WHAT TO DO = Everything from the first line of the data below through the line that contains "Nikmati energi, musik" should be written out exactly, please, and nothing more; the pictures stay out.

STORED DATA =
○ ○ ○ ○
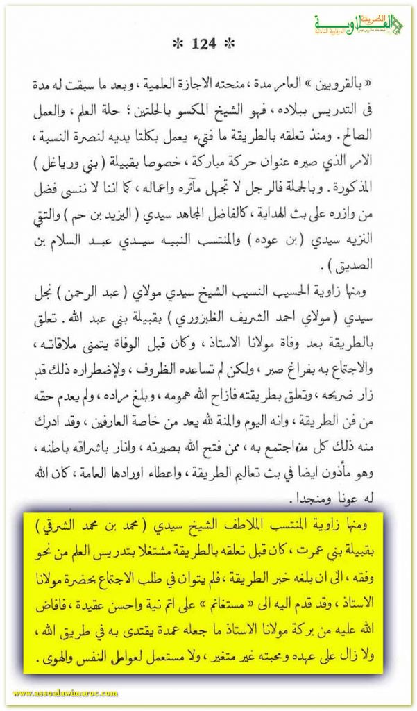 A signaler que le défunt a été le moqadem de la tariqa à la région de Jbel hamam au Rif depuis la période du Cheikh Sidi Ahmed al-Alawi et qu’il est resté fidèle jusqu’au Cheikh Sidi Khaled Bentounes
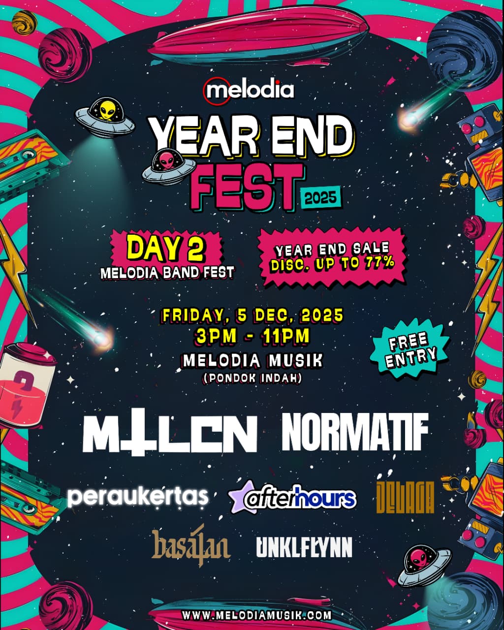 Nikmati energi, musik kencang, dan promo alat musik terbaik hanya di #melodiayearendfest2025.
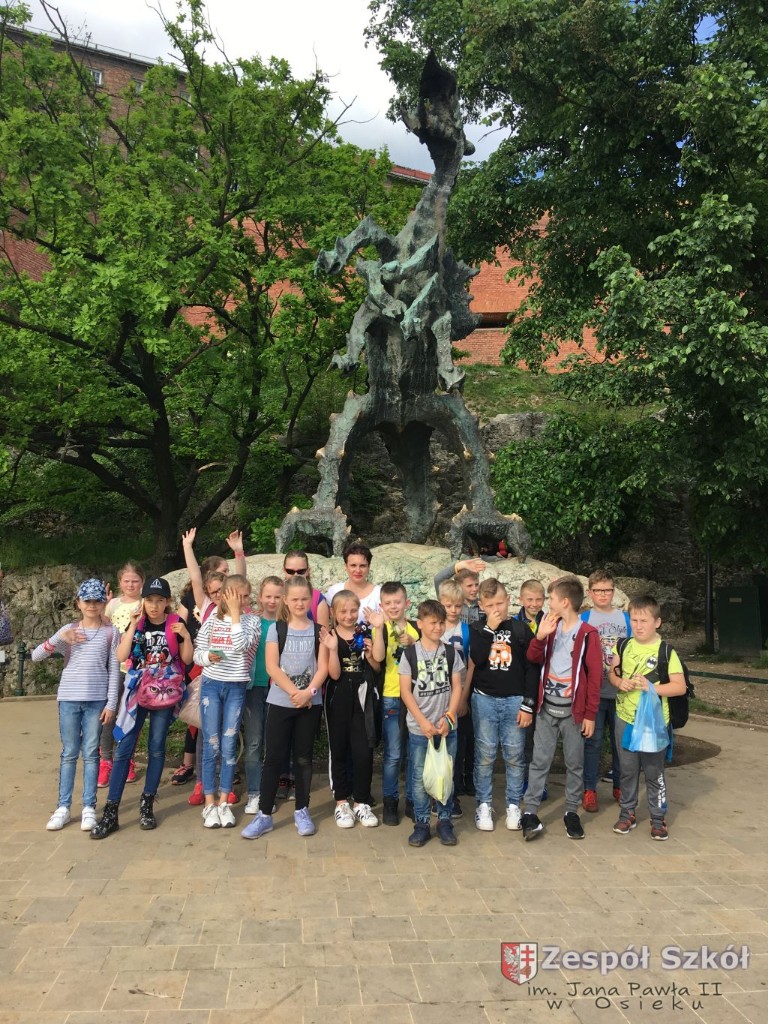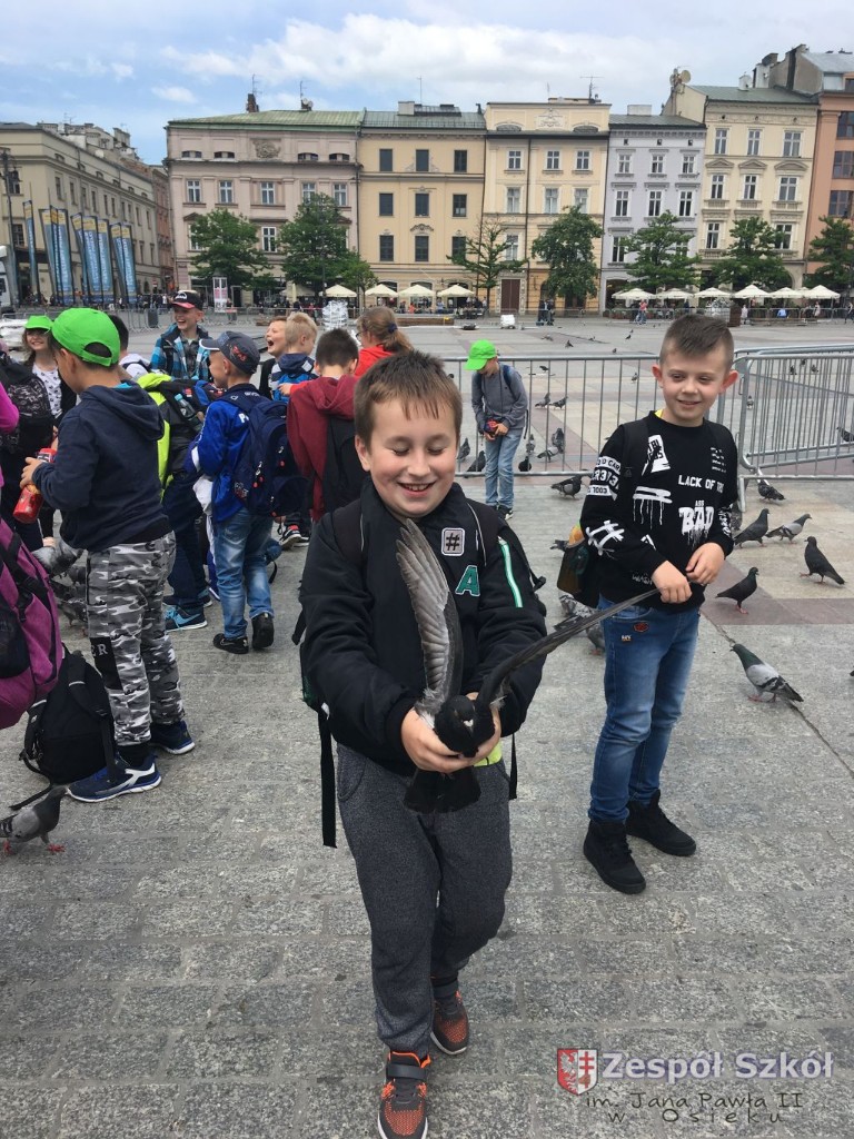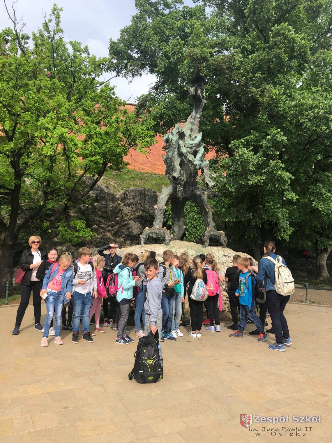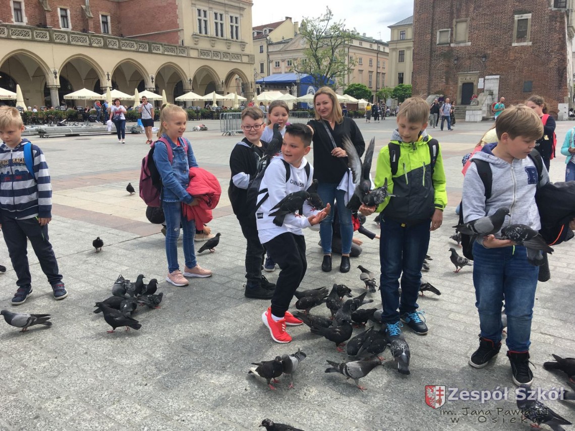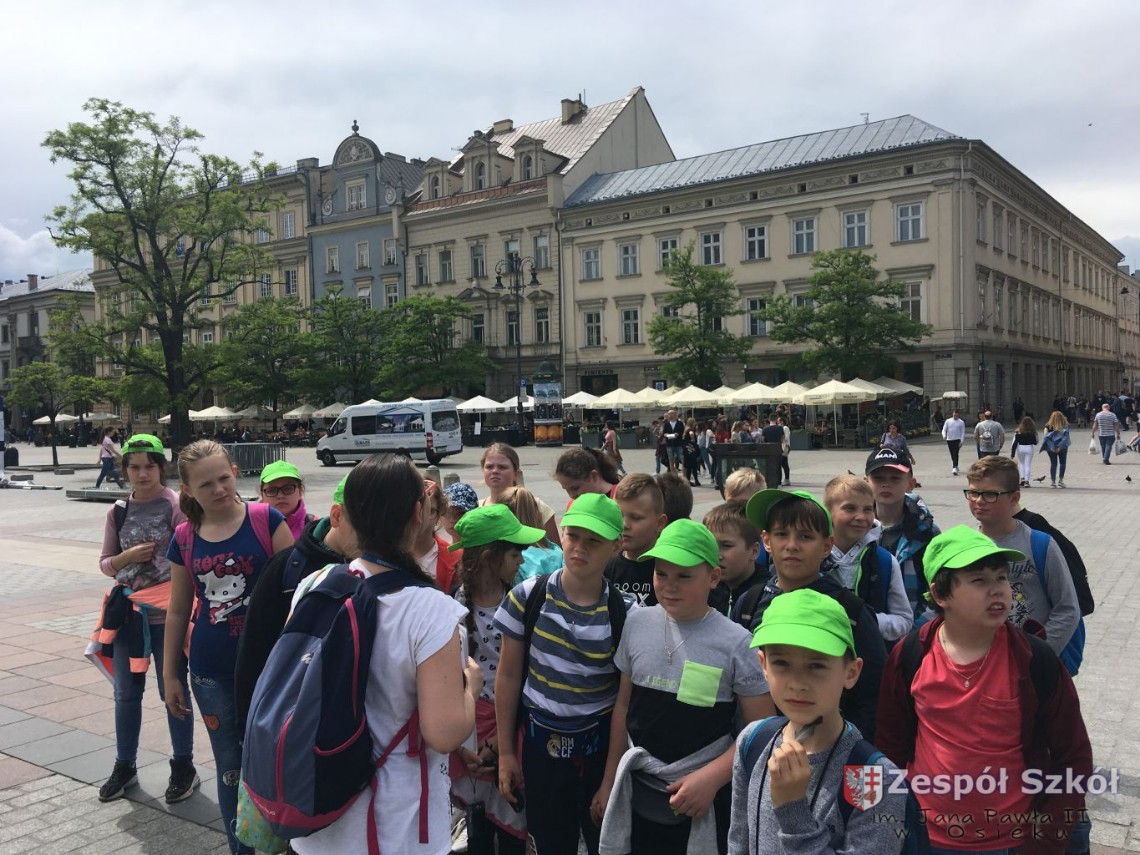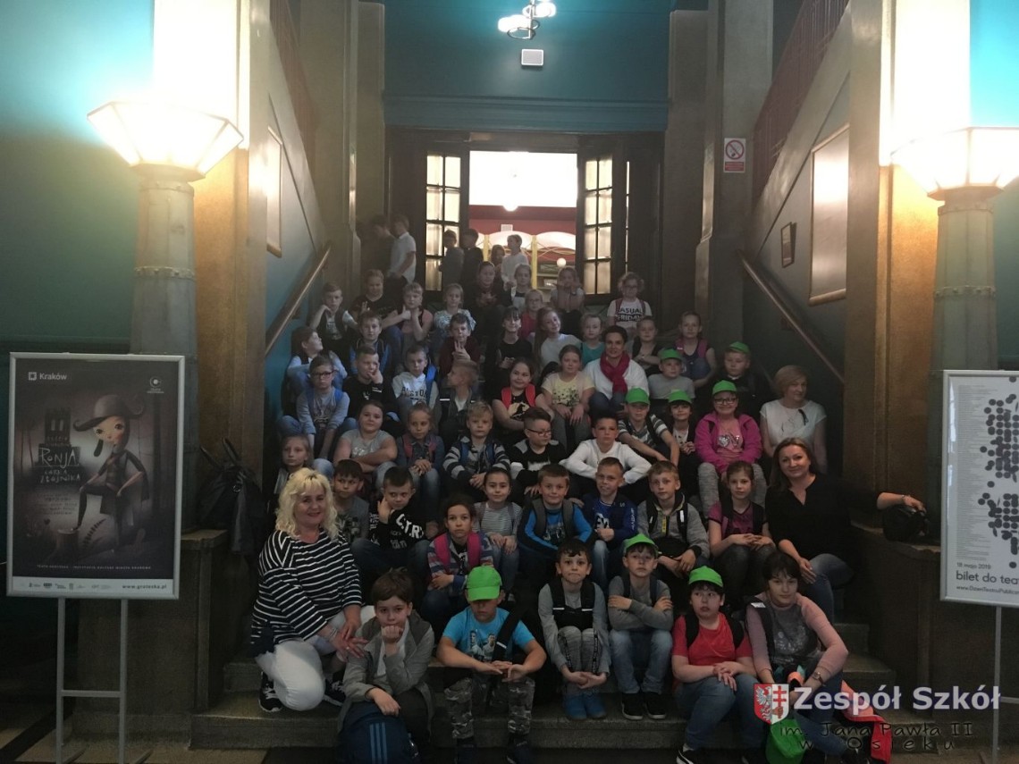 Dnia 20 maja 2019 r. uczniowie klas IV i V szkoły podstawowej udali się na wycieczkę do Krakowa. Pierwszym punktem programu była wizyta w Teatrze Groteska na premierze spektaklu „Ronja, córka zbójnika”, na podstawie powieści Astrid Lindgren. Następnie uczniowie spotkali się z przewodnikami, którzy wędrując z nami po Krakowie, odkrywali przed nami tajemnice i legendy związane z najstarszymi zabytkami Rynku Głównego. Przemierzając wzgórze wawelskie, mali turyści dowiedzieli się m.in. kto założył Kraków, gdzie mieszkali i bawili się królowie i kto zwyciężył smoka całożercę.
○ ○ ○ ○
RESPONSE TO THE TASK =
 A signaler que le défunt a été le moqadem de la tariqa à la région de Jbel hamam au Rif depuis la période du Cheikh Sidi Ahmed al-Alawi et qu’il est resté fidèle jusqu’au Cheikh Sidi Khaled Bentounes
 Nikmati energi, musik kencang, dan promo alat musik terbaik hanya di #melodiayearendfest2025.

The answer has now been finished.